» **Task directions**
Return, word for word, the lines of the listing below from the one with "Алкоголь с бензином" through the one with "Die idyllische Nockalmstraße", and no other lines.

» **Exercise materials**
:::

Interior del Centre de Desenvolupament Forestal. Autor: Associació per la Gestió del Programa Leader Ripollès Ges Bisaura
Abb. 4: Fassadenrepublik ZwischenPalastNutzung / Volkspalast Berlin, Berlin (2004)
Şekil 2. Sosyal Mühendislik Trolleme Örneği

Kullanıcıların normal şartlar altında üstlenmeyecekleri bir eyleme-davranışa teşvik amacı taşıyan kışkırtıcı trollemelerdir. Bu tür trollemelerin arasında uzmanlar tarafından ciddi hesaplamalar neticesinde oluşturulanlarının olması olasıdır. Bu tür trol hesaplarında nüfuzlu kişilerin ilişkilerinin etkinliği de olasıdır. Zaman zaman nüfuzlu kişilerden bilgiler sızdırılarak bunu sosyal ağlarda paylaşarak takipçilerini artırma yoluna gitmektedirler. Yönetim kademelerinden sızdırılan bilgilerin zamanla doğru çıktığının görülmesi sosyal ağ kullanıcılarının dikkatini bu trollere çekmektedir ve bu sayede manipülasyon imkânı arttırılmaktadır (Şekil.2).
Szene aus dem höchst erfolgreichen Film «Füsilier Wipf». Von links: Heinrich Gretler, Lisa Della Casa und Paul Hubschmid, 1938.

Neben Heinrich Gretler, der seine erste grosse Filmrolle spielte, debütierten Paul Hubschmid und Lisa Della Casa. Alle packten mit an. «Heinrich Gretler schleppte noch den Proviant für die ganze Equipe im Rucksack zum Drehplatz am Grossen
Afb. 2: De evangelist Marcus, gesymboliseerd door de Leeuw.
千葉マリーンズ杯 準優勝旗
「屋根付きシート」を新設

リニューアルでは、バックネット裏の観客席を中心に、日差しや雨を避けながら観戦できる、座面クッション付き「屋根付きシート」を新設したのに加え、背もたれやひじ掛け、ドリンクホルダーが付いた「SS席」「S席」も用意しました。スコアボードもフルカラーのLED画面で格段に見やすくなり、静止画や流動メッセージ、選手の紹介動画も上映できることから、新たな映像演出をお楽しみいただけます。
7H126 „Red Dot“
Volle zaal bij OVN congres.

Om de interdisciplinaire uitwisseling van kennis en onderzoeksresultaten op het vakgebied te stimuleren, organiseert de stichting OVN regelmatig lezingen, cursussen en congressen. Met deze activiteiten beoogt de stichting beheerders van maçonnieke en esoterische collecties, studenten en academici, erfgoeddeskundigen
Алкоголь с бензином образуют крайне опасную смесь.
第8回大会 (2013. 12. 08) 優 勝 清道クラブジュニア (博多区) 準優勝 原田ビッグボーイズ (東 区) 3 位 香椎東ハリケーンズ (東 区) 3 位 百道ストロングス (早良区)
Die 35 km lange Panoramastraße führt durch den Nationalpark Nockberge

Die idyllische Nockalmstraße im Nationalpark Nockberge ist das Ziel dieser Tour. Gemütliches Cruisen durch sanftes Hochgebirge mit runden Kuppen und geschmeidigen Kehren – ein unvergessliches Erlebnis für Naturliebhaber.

:::

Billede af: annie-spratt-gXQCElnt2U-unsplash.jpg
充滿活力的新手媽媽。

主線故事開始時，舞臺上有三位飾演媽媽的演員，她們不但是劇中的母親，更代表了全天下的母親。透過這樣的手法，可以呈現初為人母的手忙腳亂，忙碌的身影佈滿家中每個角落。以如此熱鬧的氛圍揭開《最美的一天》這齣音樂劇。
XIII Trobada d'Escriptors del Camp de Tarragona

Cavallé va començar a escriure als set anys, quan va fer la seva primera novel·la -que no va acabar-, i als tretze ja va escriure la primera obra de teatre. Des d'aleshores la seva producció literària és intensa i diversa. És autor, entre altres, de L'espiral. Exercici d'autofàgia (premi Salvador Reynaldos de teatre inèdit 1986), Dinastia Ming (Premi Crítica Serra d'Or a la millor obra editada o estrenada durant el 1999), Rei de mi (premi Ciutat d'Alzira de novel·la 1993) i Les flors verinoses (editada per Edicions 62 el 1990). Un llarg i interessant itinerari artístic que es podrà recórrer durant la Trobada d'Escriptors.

:::

» **Reply to the task**
Алкоголь с бензином образуют крайне опасную смесь.
第8回大会 (2013. 12. 08) 優 勝 清道クラブジュニア (博多区) 準優勝 原田ビッグボーイズ (東 区) 3 位 香椎東ハリケーンズ (東 区) 3 位 百道ストロングス (早良区)
Die 35 km lange Panoramastraße führt durch den Nationalpark Nockberge

Die idyllische Nockalmstraße im Nationalpark Nockberge ist das Ziel dieser Tour. Gemütliches Cruisen durch sanftes Hochgebirge mit runden Kuppen und geschmeidigen Kehren – ein unvergessliches Erlebnis für Naturliebhaber.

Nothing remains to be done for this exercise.